Temos alternativas, atualmente, para diminuir ou parar de consumir produtos que sejam testados em animais e que exijam seu confinamento e sofrimentos atrozes. Há décadas, pouco se sabia e não havia divulgação dos processos de produção agroindustriais. Quase não se questionava a perda da saúde pública e a destruição da biodiversidade decorrentes da plantação de cana-de-açúcar e da instalação de usinas, por exemplo, ou a crueldade que precedia todo o consumo de carne animal. Hoje, dá para participar de um debate mais amplo que conteste a proliferação de usinas de cana-de-açúcar no Estado de SP e a pretensão de instalação de uma em Bauru (reportagem do JC, 26/8).
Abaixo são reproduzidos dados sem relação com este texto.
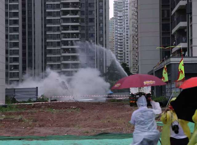 警戒线外,挤满了冒雨前来、举着手机拍摄的村民;对面回迁房的阳台上,大家齐齐等待。

Alegar desconhecimento na era da informação rápida e massificada é quase impossível. Serve de desculpa para oportunistas, egoístas e alienados continuarem a viver “tranqüilos”, serve de justificativa para atitudes dúbias e cruéis. A falta de cidadania, o individualismo e o comodismo têm ligação com a política do “não tenho nada com isso” e “não quero nem saber”. Dá mostras também de preconceito dos que acham que as minorias, como os animais, não merecem estar na esfera das preocupações humanas. Conhecer para selecionar, saber para escolher, ler para aprender: eis alguns processos que ajudariam a construir uma postura de vida mais justa, compassiva e criteriosa. Em tempo: endosso o teor da carta de Camila e Bruna Joaquim Carneiro (JC, 25/8) e reforço o pedido - Desarmamento já!